Why should you consider B-to-B cooperative databases? Because they reduce the complexity of finding good prospects to mail. There are two kinds of cooperative databases available today: Abacus’ B2B Alliance and Experian’s B2B Base, which are of the membership type, and Direct Media’s Data Warehouse and Merit Direct’s MeritBase, which are list-specific options.
It is important to put these prospecting sources into perspective. A few definitions and figures will give us a framework. As of January 2007, there are 301 million people living in the United States. From that total, 146 million are employed: 115 million work in non-farm, private sector jobs, and 22 million work for the government, according to the Bureau of Labor Statistics.

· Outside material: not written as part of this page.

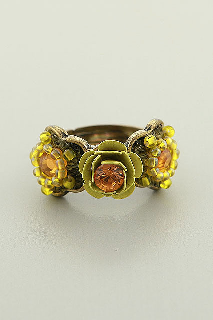 Hand made, Yellow fashion ring with Swarovski Crystals in Hypo Allergic metal from Michal Negrin Collection.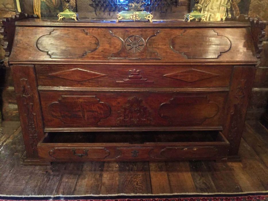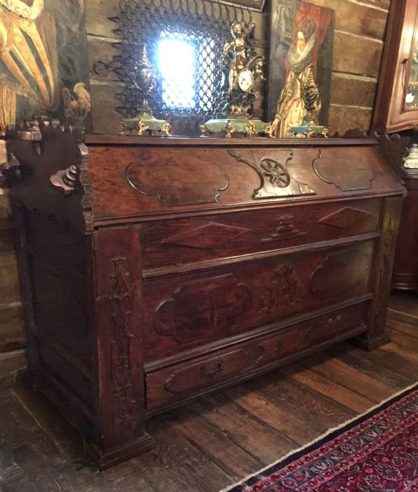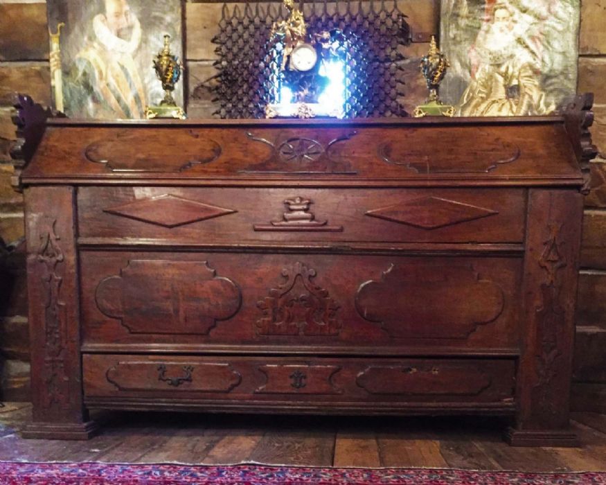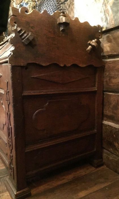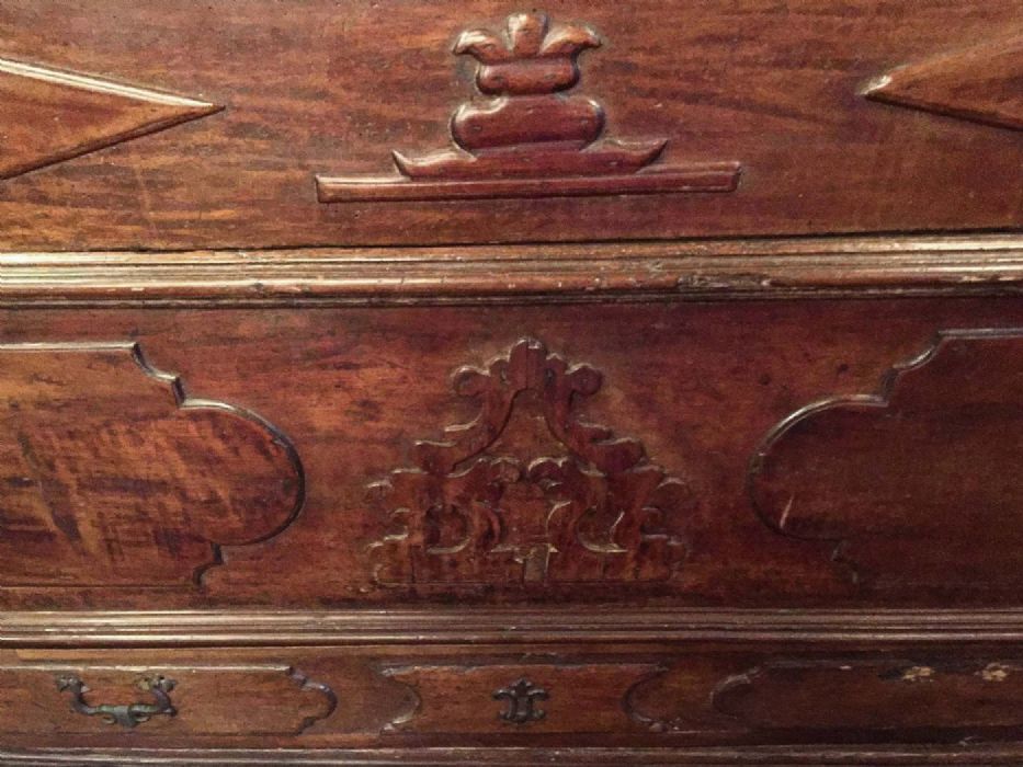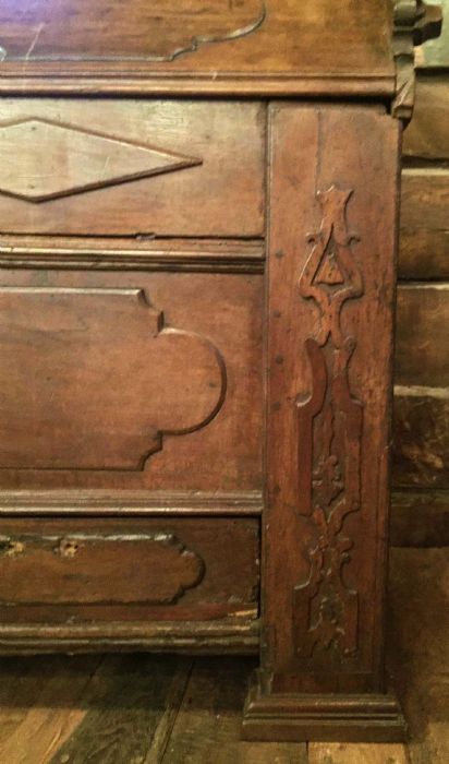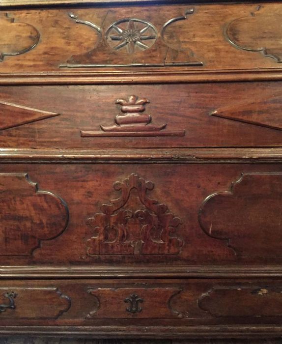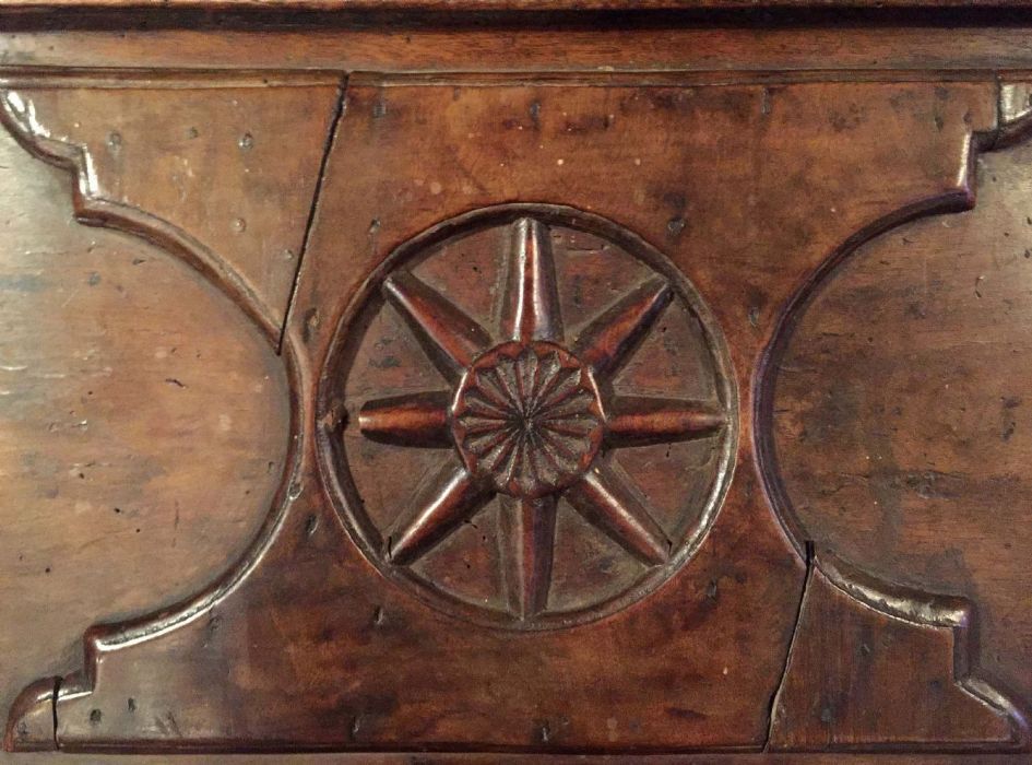 Imponente ed antico "arcile" in legno di noce massiccio e legni vari di classica "scuola Romagnola" di fine '500. Raro esempio di madia tardo cinquecentesca di raffinata fattura in prima patina, interessante anche per gli eleganti decori ad alto e basso rilievo raffiguranti segni beneauguranti e di prosperità. Caratteristica tipica di questi insoliti ed interessanti manufatti lignei era lo sfruttamento totale o pressochè totale di un unico ampio vano interno, in genere con il coperchio (o parte di esso) che si alza per accedere all'interno.

How can you reach key businesses or segments of this large working population? You have some options. First, you can follow the traditional route of working with a list broker to rent lists that fit your criteria. Keep in mind that there are 24,000 business-related lists out of the total 53,000 lists for rent on the market today. But you probably will lose a large portion of the names you select to duplication between lists before you get your net mailable count.

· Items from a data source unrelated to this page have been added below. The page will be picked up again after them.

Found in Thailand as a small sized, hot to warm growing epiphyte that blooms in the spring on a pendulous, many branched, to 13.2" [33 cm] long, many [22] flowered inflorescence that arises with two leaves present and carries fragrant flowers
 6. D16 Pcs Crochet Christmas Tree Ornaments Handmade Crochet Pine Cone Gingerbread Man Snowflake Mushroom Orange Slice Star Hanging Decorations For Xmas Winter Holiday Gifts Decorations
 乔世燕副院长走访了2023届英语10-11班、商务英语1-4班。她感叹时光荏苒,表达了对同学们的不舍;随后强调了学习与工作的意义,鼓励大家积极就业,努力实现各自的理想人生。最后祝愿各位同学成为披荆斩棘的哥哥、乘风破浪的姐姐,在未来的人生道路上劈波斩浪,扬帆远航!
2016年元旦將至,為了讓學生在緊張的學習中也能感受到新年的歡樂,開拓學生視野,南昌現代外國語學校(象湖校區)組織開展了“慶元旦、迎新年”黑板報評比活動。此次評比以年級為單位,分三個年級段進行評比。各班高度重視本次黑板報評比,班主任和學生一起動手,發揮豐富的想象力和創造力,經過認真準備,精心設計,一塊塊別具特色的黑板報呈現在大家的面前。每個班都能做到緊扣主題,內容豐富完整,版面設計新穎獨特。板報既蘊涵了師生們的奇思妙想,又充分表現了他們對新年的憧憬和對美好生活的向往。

The alternative is to investigate rental databases. These systems fall into three categories:
• Compiled—The compiled databases, such as infoUSA’s files, aggregate businesses from directories and corporate filings. They offer lower cost names but have limited contacts within companies and limited selectivity past the basic firmographics of industry, employee size and sales volume.
• Owned/managed—The owned/managed databases, such as Edith Roman’s BRAD, offer greater selectivity but are comprised of only the lists that a particular list firm manages. Selections across the database are possible, and there are many more criteria by which to select business and contacts. But you will not be able to add other lists from different sources.